My brother Andrey came from Moscow, looking dapper, grating on Papa as usual with his chatter about countess this and colonel that. He cares nothing for his father’s feelings and knows little of his ideas. ‘It’s wonderful, isn’t it?’ Andrey kept saying, fussing with the gramophone to make it talk louder and louder.
Papa said, ‘Like all foolish inventions of this so-called civilization, this machine will soon become a bore,’ and left the room.
The remark upset Sergeyenko, whose father had brought the gramophone and the record in the first place. But he knows Papa and his ways.
‘Your father is something of a Luddite, I fear,’ he said, scratching his beard.
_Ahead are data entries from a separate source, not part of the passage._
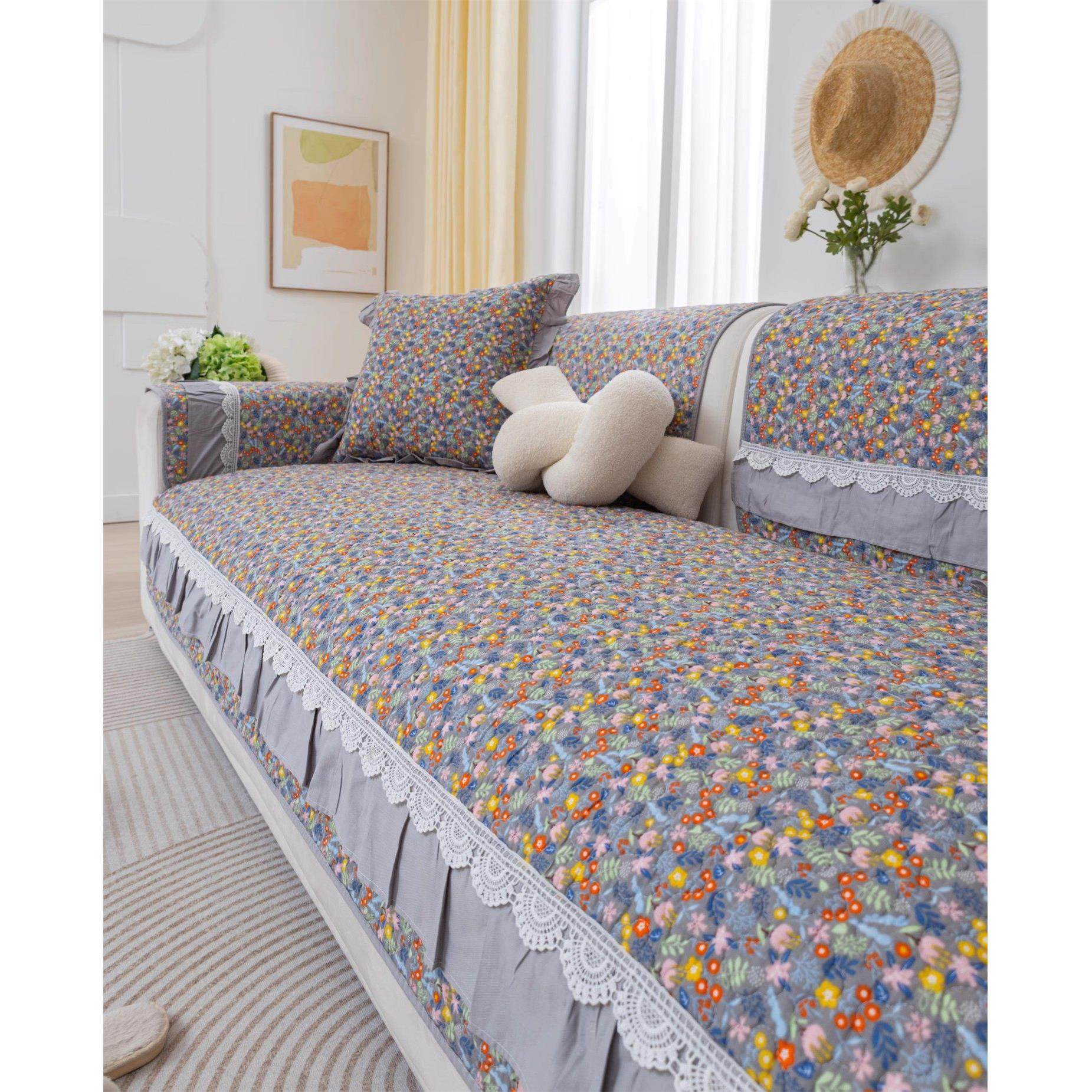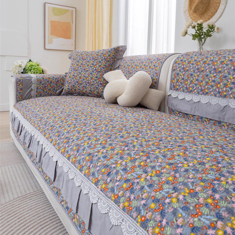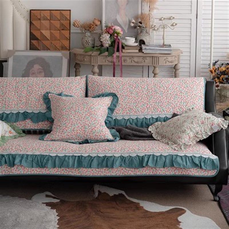 四季全棉防滑沙发垫布艺纯棉碎花秋季田园坐垫裙边通用皮沙发巾套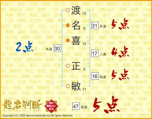 渡(13画)名(6画)喜(12画) 正(5画)敏(11画)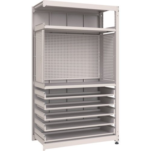 TRUSCO M3中量棚 背板・側板付 W900XD595XH1800 中棚1段スライド棚5段 パンチングパネル付 M36363IPP3SL35SG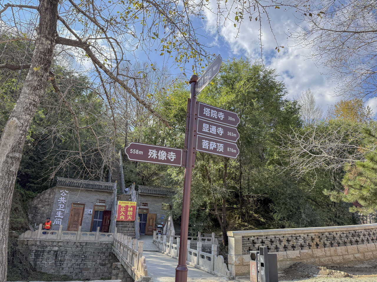 在菩薩頂的南側,緊鄰著有幾座寺廟,顯通寺、塔院寺、羅睺寺、廣仁寺、五爺廟、大圓通寺等。再往南一點則是殊像寺,這些寺廟都可以步行方式前往。附近的公車站多,非常方便前往其他景點。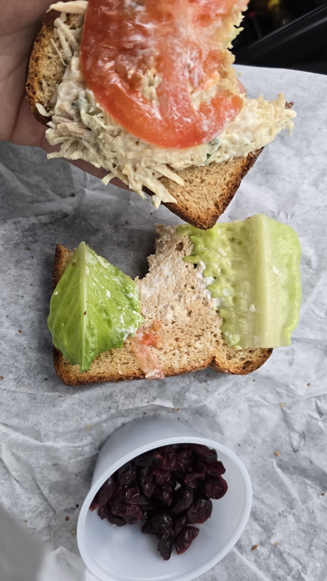 Read moreI wasn't very impressed by the atmosphere (a lot of clutter near the entrance), and I wasn't super excited to buy a 10$ sandwhich, but I was in a rush. I had taken the time to look at the menu on here and decided I would get "The Clucker". A simple chicken salad sandwhich that is supposed to come with cranberries, lettuce, and tomatoes. Customer service was average, and I was surprised when I saw that the actual price was $14.25. If I had known I was going to pay almost $15 for a sandwich, I wouldn't have come, but like I said, I was in a rush. Whatever, I ordered the Clucker and after about 10 minutes I received my sandwich. The chips and pickles it came with were wrapped in some plastic baggies (the pickles were dripping juice, poor packaging), and the chips were fine. Finally, I got to the sandwich. Average size, but hopefully, it's good! I had chosen to get the wheat bread, and boy was it so disappointing. I opened it up and saw that the chickensalad didn't look to have any cranberries. I took a bite and no cranberries to be tasted.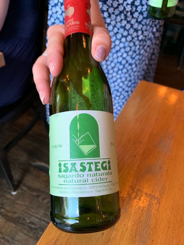 I’m not a cider fan, as I don’t care for the sweetness. However, this cider is the most interesting cider I’ve ever had. It was funky and acidic, not sweet at all. The cider was bottled with a cork instead of screw top, which I found so cool. The somm explained that once you open the bottle, you should flip the cork over and insert it back into the bottle, enabling it to become an aerator. She added, make sure when pouring the cider, to start up high to get the full effect of aeration.

Mama, bless her, immediately took Papa’s recording off the gramophone and put on a Glinka duet – also a gift from Sergeyenko. This brought Papa back into the room, smiling. He sat back in his chair, putting his hands on his knees and shutting his eyes. When the duet was finished, Mama put on another of the records we had been given: Ballinstin’s version of the serenade from
Don Giovanni
. Papa produced a wide smile that showed his pink, wet gums. ‘This is very nice,’ he said, patting his legs with both hands. ‘Very nice.’ Sergeyenko glowed.
An hour later we gathered for tea. Mama had invited Bulgakov to stay. He seemed to gape at everyone and blew his nose repeatedly on a dirty handkerchief. I can hardly stand him and cannot imagine what Chertkov saw in him. Papa’s last secretary, Gusev, was ever so much better, a sincere man who understood Papa’s ideas better than Papa does himself. Even Chertkov said so.
Andrey, like Mama a lover of discord, rambled on about patriotism, soon turning to the superiority of western Europe over Russia and questioning the proper relation of landowners to the muzhiks. Tanya’s husband, Sukhotin, grew excited and began to lecture about the price of land. When he finished his little address, Sergeyenko added that the Russian peasant has grown increasingly furious with landowners in the past decade, and rightly so. They deserve better treatment, he said, punctuating the air with a finger.